# Tolkien Art



## Eledhwen

It's a while since any of my pics have been on here.

Here are some I've done recently. I try to pick subject there aren't many representations of:


----------



## Eledhwen

*Cuiviennen*

Cuiviennen


----------



## Eledhwen

*Cat*

Some may not recognise this one. It's an illustration of Tolkien's poem "Cat", which can be found in a few places online.


----------



## Eledhwen

*By Eledhwen*

Animated image of The Window on the West - Henneth Annun






A difficult scene to capture, and my first attempt (in oils) was ruined by a rainbow (the scene was also far too pale for the time of day). I painted over it, but decided to use a photo of the original, and some digital re-colouring, to create this animated image.


----------



## Eledhwen

I've illustrated the cover of my pocket sketch book (Acrylics). It only took a few minutes:


----------



## Starbrow

I like your artwork. You are quite talented.


----------



## Eledhwen

Thanks.

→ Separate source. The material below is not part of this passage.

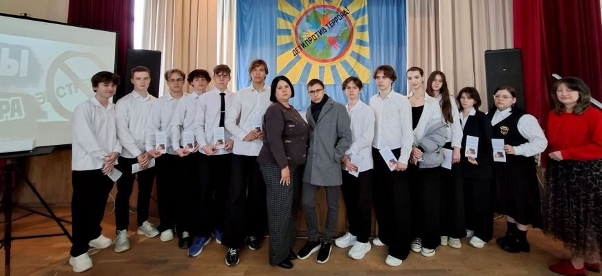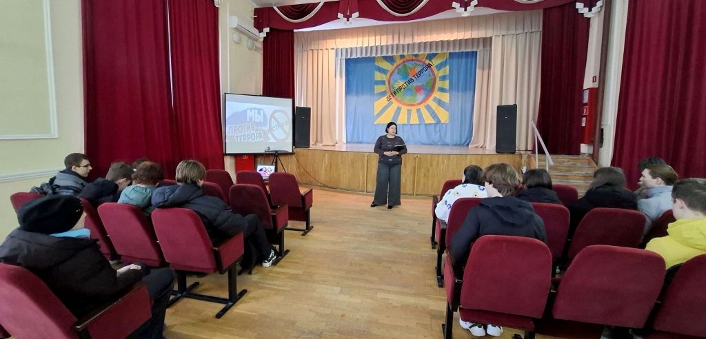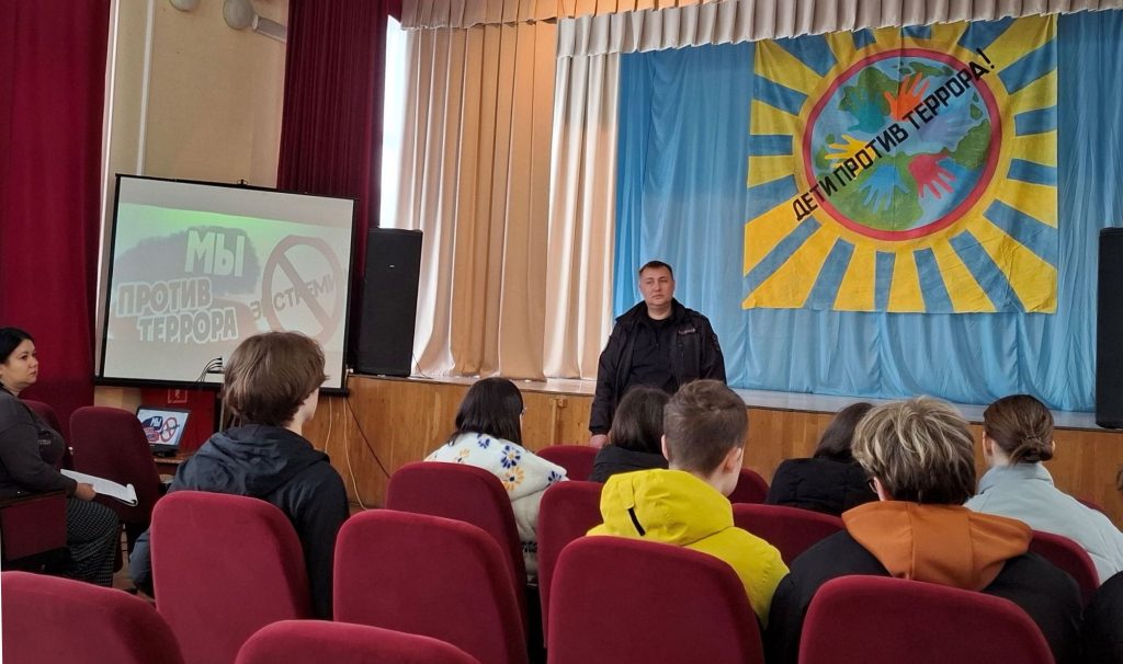 Ведущая привела примеры террористических актов в Российской Федерации, в ходе беседы разобрали понятия «терроризм» и «экстремизм», чем они отличаются друг от друга, ребята составляли портрет террориста и узнали о том, как не попасть под влияние экстремистских группировок. После просмотра тематических видеороликов школьники быстро включились в работу и активно обсуждали причины возникновения экстремизма и терроризма, способы вовлечения молодёжи в экстремистские организации.
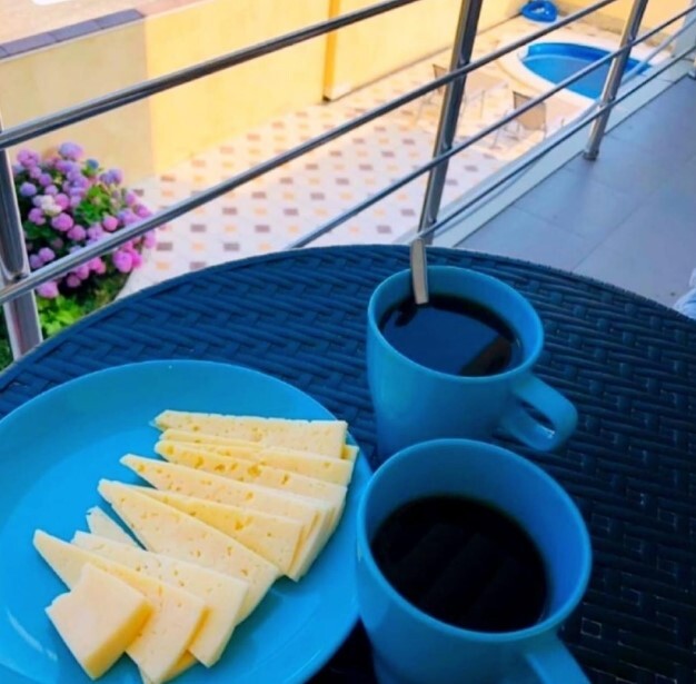 На территории гостевого дома в любое время можно позагорать у бассейна, пожарить блюда на мангале или посидеть в тени замечательной беседки в прованском стиле. Бассейн оснащен современным оборудованием для очистки и обеззараживания воды. Для самых маленьких отдыхающих мы построили площадку для игр. По запросу мы предоставляем трансфер.

I have tidied up weaknesses in the acrylic paintings (Cat and Gildor), such as facial expressions and the unevenness in the fire surround, and I'm still working on the final oil painting that the animated one was made from. I try to paint Tolkien works that have not received much attention on canvas.


----------



## Starbrow

It's cool that you're illustrating scenes not normally scene. It brings attention to some of Tolkien's other wonderful works.


----------



## basti255

Eledhwen said:


> *Cuiviennen*
> 
> Cuiviennen


I really like this one, the shade of blue is amazing.


----------